À l’heure où les débats se multiplient en Europe autour des questions de discrimination, de discours de haine et d’intégration, la lutte contre la haine et les discriminations visant les musulmans s’impose comme l’un des dossiers politiques et des droits humains auxquels les institutions de l’Union européenne accordent une attention croissante.
Alors que plusieurs rapports européens font état d’une hausse des actes de discrimination et de racisme visant les musulmans dans plusieurs États membres, la Commission européenne s’emploie à développer des politiques et des mécanismes destinés à promouvoir l’égalité, à soutenir les victimes et à lutter contre les discours de haine antimusulmans, tout en veillant à préserver l’équilibre entre la protection des droits fondamentaux et la liberté d’expression.
Dans cet entretien accordé à El Khabar, Mme Marion Lalisse, coordinatrice de la Commission européenne chargée de la lutte contre la haine et les discriminations visant les musulmans, revient sur le bilan de son action depuis sa prise de fonction, les principaux défis auxquels l’Union européenne est confrontée sur ce dossier, ainsi que sur le rôle de la législation européenne, des réseaux sociaux et de la société civile.
Elle évoque également les efforts déployés pour renforcer la confiance entre les institutions européennes et les citoyens musulmans et pour élaborer des politiques plus inclusives afin de lutter contre toutes les formes de racisme et de discrimination visant les musulmans.
Entretien réalisé par Abdelhakim Guemmaz
Quel bilan tirez-vous de votre mission depuis votre nomination comme coordinatrice européenne chargée de la lutte contre la haine et la discrimination à l'égard des musulmans?
Depuis ma nomination en 2023 comme coordinatrice de la Commission européenne, en charge de la lutte contre la haine envers les musulmans, nous avons parcouru beaucoup de chemin.
Tout d’abord, la Commission européenne a mis en place une coordination étroite avec les états européens et les organisations internationales avec trois réunions annuelles de coordinateurs, envoyés et ambassadeurs en 2024, 2025 et 2026. Ces réunions importantes ont permis de partager des informations sur la situation en Europe mais aussi de discuter de bonnes pratiques à répliquer. Nous avons également renforcé le dialogue avec des homologues et collègues canadiens, australiens, néozélandais et américains.
De la même sorte, la lutte contre la haine envers les musulmans est maintenant un sujet fréquemment abordé dans des réunions de haut niveau, du conseil ou du parlement, sous notre impulsion.
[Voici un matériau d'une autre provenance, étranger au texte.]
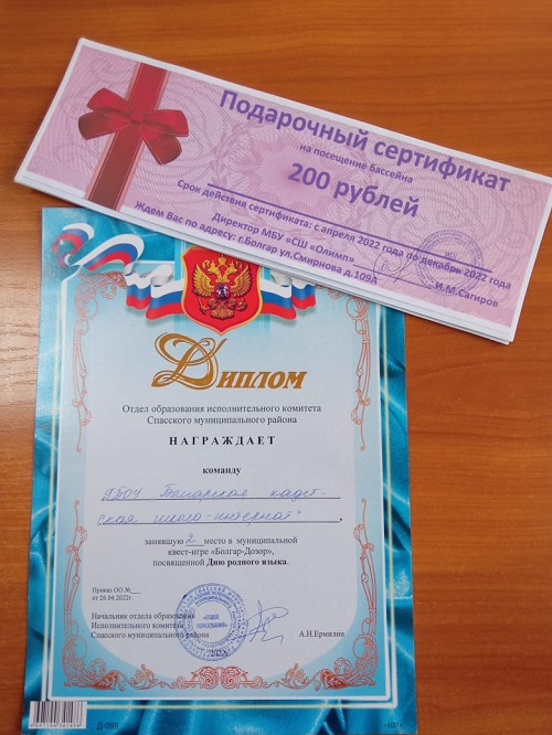 Опубликовано: 28.04.2022Наша команда «Кадеты» приняла участие в районной квест-игре «Болгар-Дозор», которая проходила на территории БГИАМЗ. В ходе игры ребята выполняли различные задания и по истории края, и по творчеству Г.Тукая. По итогам игры наша команда заняла второе место из 12 команд!

Le dialogue avec la société civile y compris le monde académique a été un point clé de mon mandat. J’ai organisé de nombreuses consultations générales ou des réunions de travail plus spécifiques comme sur le rapport « Être musulman dans l’UE » de l’agence des droits fondamentaux de l’UE. Les partenaires associatifs et autres acteurs non gouvernementaux impliqués dans ce domaine ont bien accueillis les bénéfices de ce réseau et le partage d’informations.
Nous avons aussi renforcé le financement pour les initiatives de la société civile et des autorités avec des enveloppes dédiées à la lutte contre la haine envers les musulmans.
Comment définissez-vous l'islamophobie ou la haine des musulmans dans le contexte européen actuel ?
La haine ou le racisme envers les musulmans sont considérés comme une forme de racisme qui affecte non seulement les personnes musulmanes mais également les personnes qui sont perçues comme musulmanes mais qui peuvent être d’une autre religion ou conviction. Ces personnes peuvent être la cible d’hostilité, de violence, de discrimination, d’intolérance religieuse ou d’exclusion qui se manifestent aussi bien au niveau interpersonnel ou structurel. Comme dans d’autres formes de racisme, on parle d’un processus qui tend à réduire une population extrêmement diverse en une identité perçue comme unique, dotée de caractéristiques généralement perçues comme négatives. La haine ou le racisme antimusulman peut également avoir des conséquences sur des institutions, des bâtiments comme les mosquées ou les lieux de sépultures identifiés comme musulmans.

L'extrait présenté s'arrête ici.